- Born: February 25, 1987 (age 39) St. Albert, Alberta

Team
- Curling club: Saville Community SC, Edmonton, AB

Curling career
- Member Association: Alberta
- Hearts appearances: 6 (2014, 2015, 2019, 2020, 2021, 2022)
- World Championship appearances: 1 (2019)
- Top CTRS ranking: 2nd (2014–15)
- Grand Slam victories: 3 (2014 Masters, 2016 Tour Challenge, 2017 Tour Challenge)

Medal record
Women's curling
Representing Alberta
Scotties Tournament of Hearts
| Gold medal – first place | 2019 Sydney |  |
| Silver medal – second place | 2014 Montreal |  |
| Silver medal – second place | 2015 Moose Jaw |  |
| Bronze medal – third place | 2021 Calgary |  |

= Dana Ferguson =

Canadian curler (born 1987)

Dana Ferguson (born February 25, 1987, in St. Albert, Alberta) is a Canadian curler from Edmonton, Alberta.

==Career==
Ferguson was a member of the University of Alberta team that lost in the tie-breaker game of the 2010 CIS/CCA Curling Championships.
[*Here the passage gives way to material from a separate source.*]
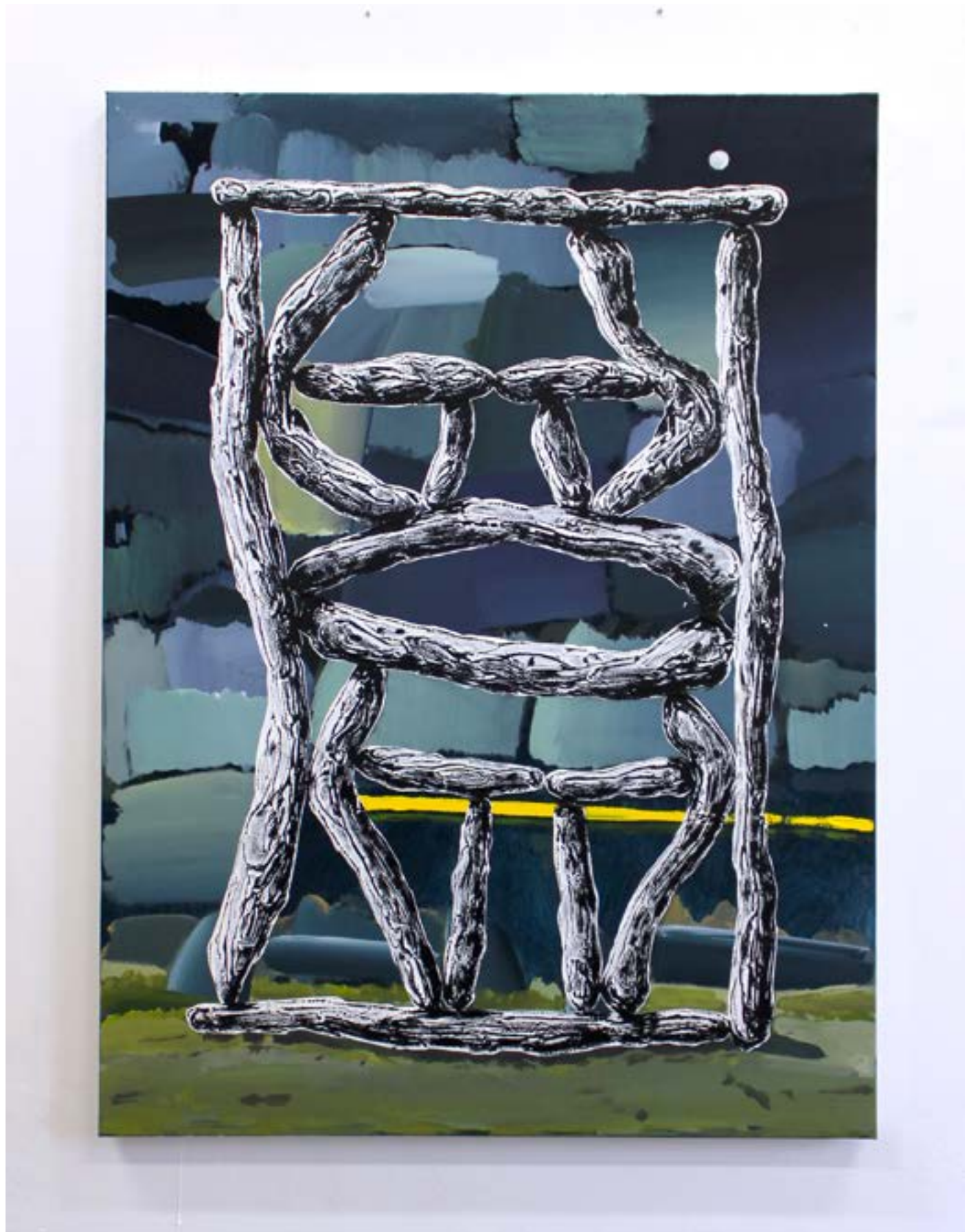
S'empalafica (s'asseoir avec fierté) , 2022 acrylique et huile sur toile, 81x60cm

She played third for the team, which was skipped by Jessica Mair. Also that season, Ferguson played third for Brenda Doroshuk's women's rink which went 0–3 at the 2010 Alberta Scotties Tournament of Hearts.
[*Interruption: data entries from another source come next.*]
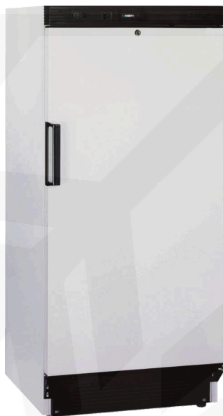
Abb.: Esta L 222 W
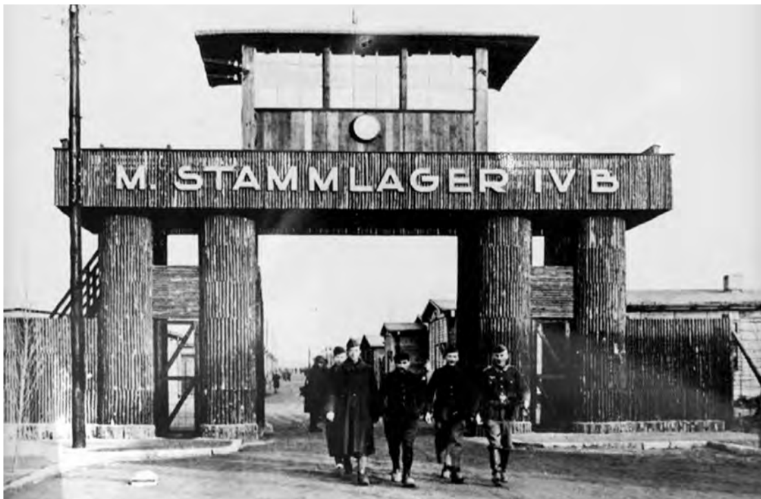
Вход в концентрационный лагерь
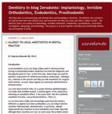
LA VIDEATA DEL BLOG
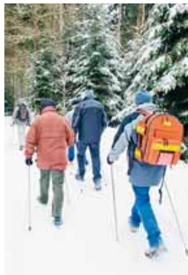
Reha-Teilnehmer beim Trainieren

In 2011, Ferguson made the transition to the skip position after her new skip, Bobbie Sauder took some time off to have a baby. At the 2011 Alberta Scotties Tournament of Hearts, her rink made the playoffs, but lost in the quarter final to Heather Nedohin.
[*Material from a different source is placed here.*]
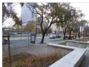
Ryc. 23. Miejsca do siedzenia – przystanek, murki przy ul. Stawki
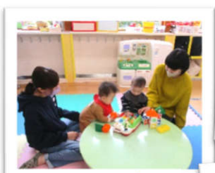
いっしょに あそぼう!

After the season, Ferguson assembled a new team, that included Olympic silver medallist Cori Morris at the lead position. The team lost in the quarter finals of their first Grand Slam of Curling event, the 2011 Curlers Corner Autumn Gold Curling Classic.

In 2012, Ferguson joined the Valerie Sweeting rink, throwing second rocks and acting as the team's vice-skip (by holding the broom on Sweeting's shots). In 2013, the team made two Grand Slam quarter finals, at the 2013 Curlers Corner Autumn Gold Curling Classic and the 2013 Colonial Square Ladies Classic. The team also qualified for the 2013 Canadian Olympic Curling Trials at the 2013 Olympic Pre-Trials. At the trials, Team Sweeting had a 3–4 record, failing to qualify for the playoffs. Also in the 2013–14 season, the rink had two quarter final appearances at Grand Slams, at the 2013 Curlers Corner Autumn Gold Curling Classic and the 2013 Colonial Square Ladies Classic. They continued their success that season by going undefeated at the 2014 Alberta Scotties Tournament of Hearts, where her team beat Cheryl Bernard in the final. Team Sweeting then represented Alberta at the national championships, the 2014 Scotties Tournament of Hearts. At the Hearts, Ferguson and her Alberta team had a 8–3 record following the round robin. This put them into the playoffs where she had to beat Saskatchewan's Stefanie Lawton and Manitoba's Chelsea Carey to get to the final. They did this successfully, but lost to Ontario's Rachel Homan 8–6 to win the silver medal.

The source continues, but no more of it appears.